В чем-то она была права. В Баку отведать хаш - густой бульон из бараньих костей - любители съезжались чуть ли не в шесть утра. После чего сил хватало на весь день…

- Кутабы есть? - спросил я. - Свежие?

- Как для брата сделаем, - ответила официантка. - Два доллара три штуки. Порция.

- Порцию кутабов, - распорядился я. - И больше ничего.

- Ладно, ладно, - ответила официантка и ушла так же тихо, как и появилась.

«Молодец, хозяин, - подумал я. - Держит бакинский духан в центре Лос-Анджелеса.

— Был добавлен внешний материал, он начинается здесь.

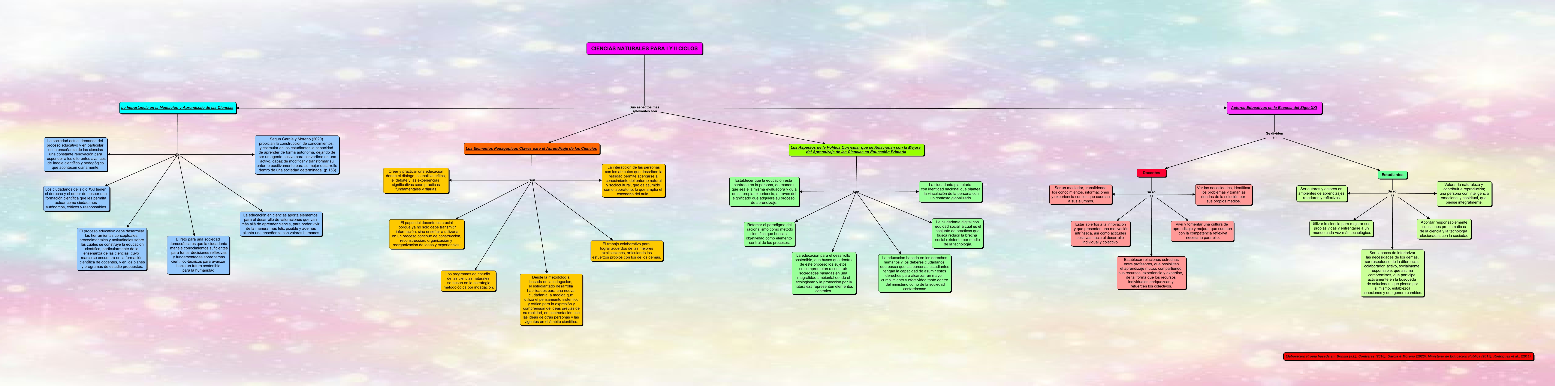 Este Cmap, tiene información relacionada con: Ciencias l, Estudiantes Su rol es Abordar responsablemente cuestiones problemáticas de la ciencia y la tecnología relacionadas con la sociedad., Los Aspectos de la Política Curricular que se Relacionan con la Mejora del Aprendizaje de las Ciencias en Educación Primaria Son La educación para el desarrollo sostenible, que busca que dentro de este proceso los sujetos se comprometan a construir sociedades basadas en una integralidad ambiental donde el ecologismo y la protección por la naturaleza representen elementos centrales., La Importancia en la Mediación y Aprendizaje de las Ciencias Es Los ciudadanos del siglo XXI tienen el derecho y el deber de poseer una formación científica que les permita actuar como ciudadanos autónomos, críticos y responsables., Actores Educativos en la Escuela del Siglo XXI Se dividen en Docentes, Docentes Su rol es Ver las necesidades, identificar los problemas y tomar las riendas de la solución por sus propios medios., Los Elementos Pedagógicos Claves para el Aprendizaje de las Ciencias Son El trabajo colaborativo para lograr acuerdos de las mejores explicaciones, articulando los esfuerzos propios con los de los demás., Estudiantes Su rol es Ser capaces de interiorizar las necesidades de los demás, ser respetuoso de la diferencia, colaborador, activo, socialmente responsable, que asuma compromisos, que participe activamente en la búsqueda de soluciones, que piense por sí mismo, establezca conexiones y que genere cambios., Estudiantes Su rol es Ser autores y actores en ambientes de aprendizajes retadores y reflexivos., La Importancia en la Mediación y Aprendizaje de las Ciencias Es La educación en ciencias aporta elementos para el desarrollo de valoraciones que van más allá de aprender ciencia, para poder vivir de la manera más feliz posible y además alienta una enseñanza con valores humanos., Los Elementos Pedagógicos Claves para el Aprendizaje de las Ciencias Son Desde la metodología basada en la indagación, el estudiantado desarrolla habilidades para una nueva ciudadanía, a medida que utiliza el pensamiento sistémico y crítico para la expresión y comprensión de ideas previas de su realidad, en contrastación con las ideas de otras personas y las vigentes en el ámbito científico., Docentes Su rol es Estar abiertos a la innovación y que presenten una motivación intrínseca, así como actitudes positivas hacia el desarrollo individual y colectivo., Los Aspectos de la Política Curricular que se Relacionan con la Mejora del Aprendizaje de las Ciencias en Educación Primaria Son La ciudadanía digital con equidad social la cual es el conjunto de prácticas que busca reducir la brecha social existente por medio de la tecnología., Los Aspectos de la Política Curricular que se Relacionan con la Mejora del Aprendizaje de las Ciencias en Educación Primaria Son Retomar el paradigma del racionalismo como método científico que busca la objetividad como elemento central de los procesos., Los Aspectos de la Política Curricular que se Relacionan con la Mejora del Aprendizaje de las Ciencias en Educación Primaria Son La ciudadanía planetaria con identidad nacional que plantea la vinculación de la persona con un contexto globalizado., CIENCIAS NATURALES PARA l Y ll CICLOS Sus aspectos más relevantes son Los Aspectos de la Política Curricular que se Relacionan con la Mejora del Aprendizaje de las Ciencias en Educación Primaria, Docentes Su rol es Vivir y fomentar una cultura de aprendizaje y mejora, que cuenten con la competencia reflexiva necesaria para ello., CIENCIAS NATURALES PARA l Y ll CICLOS Sus aspectos más relevantes son La Importancia en la Mediación y Aprendizaje de las Ciencias, La Importancia en la Mediación y Aprendizaje de las Ciencias Es El proceso educativo debe desarrollar las herramientas conceptuales, procedimentales y actitudinales sobre las cuales se construye la educación científica, particularmente de la enseñanza de las ciencias, cuyo marco se encuentra en la formación científica de docentes, y en los planes y programas de estudio propuestos., La Importancia en la Mediación y Aprendizaje de las Ciencias Es El reto para una sociedad democrática es que la ciudadanía maneje conocimientos suficientes para tomar decisiones reflexivas y fundamentadas sobre temas científico-técnicos para avanzar hacia un futuro sostenible para la humanidad., CIENCIAS NATURALES PARA l Y ll CICLOS Sus aspectos más relevantes son Actores Educativos en la Escuela del Siglo XXI

Наверняка сюда тянутся те, кто привык в той, давней жизни к подобной обстановке…» И оказался прав, официантка подтвердила: «Раньше, когда здесь все было как у всех, посетители заглядывали нечасто, и Кямал - так звали хозяина - все переменил. Накрыл столы клеенкой, стулья заменил табуретами, повесил на стену палас, в туалете поставил кувшин-афтофу,[5] а на дверях намалевал краской «УБОРНЫЙ»… Выбросил американскую музыкальную установку - посадил зурначей. Теперь приезжают люди из Вест-Голливуда, из Беверли-Хиллз приезжают. Отовсюду, где живут наши… Только на повара посмотреть приезжают - он раньше работал в Баку, в гостинице «Интурист». Лучше него никто в Калифорнии шашлык не делает. А ты что заказал? Ах кутабы… счас принесу…»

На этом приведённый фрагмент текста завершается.